On a day when home player Justin Harding roared home in 30 to set the pace with a seven-under-par 63, the tartan trio all carded 68s to sit in a share of sixth position.

Henry’s effort, which contained five birdies, was a bonus for the 28-year-old Clydebank man after he’d headed out not knowing what to expect.

“I hurt my back last week when I was home, probably because I was trying to swing it properly in freezing conditions,” said Henry. “As a result, I’ve been stuggling to swing this week.

“I didn’t play very well today but just tried my best to be smart and I’m happy to shoot wat now seems like a decent score.”

After his round, the former Scottish Stroke-Play champion was given some anti-inflammatory pills by the Tour phsyios and sent back to his hotel to rest.

“It’s strange feeling not 100% physically fit, especially for me,” added Henry. “It happened just before I left to come out here. I was playing at Mar Hall and I just felt cold all day.

“I was never a doubt for competing, though, as I thought it would pass quicker, plus I’ve got to make the most of the tournaments I get into.”

Two late bogeys took a “bit of shine” off McLeary’s round, which was illuminated by an eagle-3 at the ninth. “The biggest slice of luck I’ve ever had,” he said of that, having seen a pulled approach his both a cart then a tree before ending up 18 feet from the hole.

The 34-year-old has made just one cut in four starts since regaining his European Tour card through finishing 15th on the Challenge Tour monet-list last season.

“I played really good, only missing two greens, and If I play like that for rest of event, I’ll be very happy,” added McLeary, who is attached to Marriott Dalmahoy.

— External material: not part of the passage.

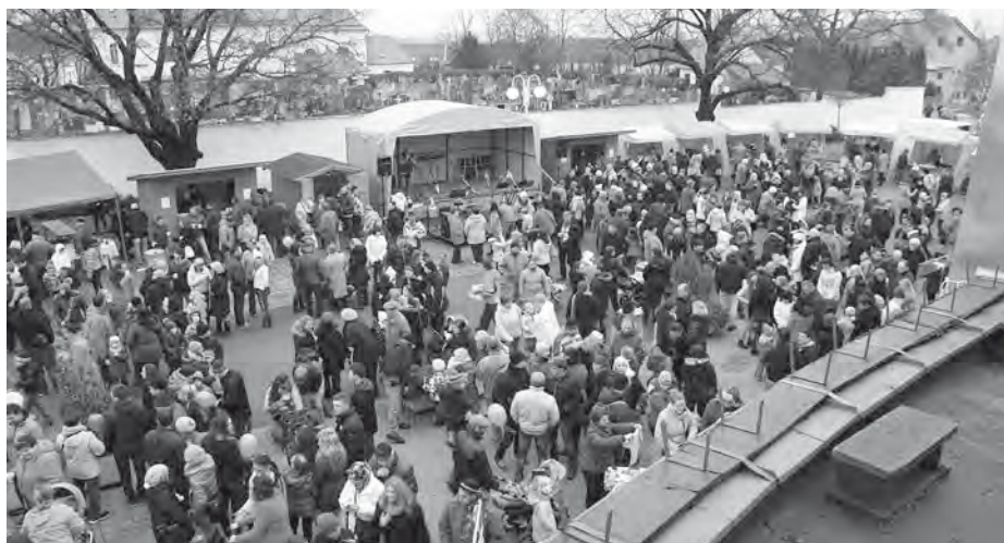
Velkopavlovický Jarmark u radnice je stále populárnější. Najde se jen hrstka těch, kteří si jej nechají ujít.

“I’ve been putting really poorly, so it’s nice to finally putt average for once. I had a two or three-hour chat with my coach, Ian Muir, about my practice habits with regards to putting and it’s made a huge difference already. Hopefully it continues.

“My driving has been really good since the start of 2016. I just need my irons to be better and to putt like I did today or even better, if possible.”

Making only his second start of the season - he missed the cut by two shots in Qatar a fortnight ago - McArthur was the first of the Scots to post 68 afer a round that contained five birdies.

David Law, the last man into the field, battled back from being two-over after six to finish on level-par, leaving the Aberdonian sitting in joint-23rd.

He’s a shot ahead of Bradley Neil after the Blairgowrie 20-year-old, who received an invitation for the event, birdied his last hole, the par-5 ninth.

David Drysdale, the other Scot in the field, suffered a rare off day in South Africa, where he’s done so well in the past. Four dropped shots in four holes from the tenth contibuted to him having to settle for a five-over 75 to sit joint-124th.

Harding made the most of a “jammy” moment to claim a one-shot lead as home players dominated the opening round.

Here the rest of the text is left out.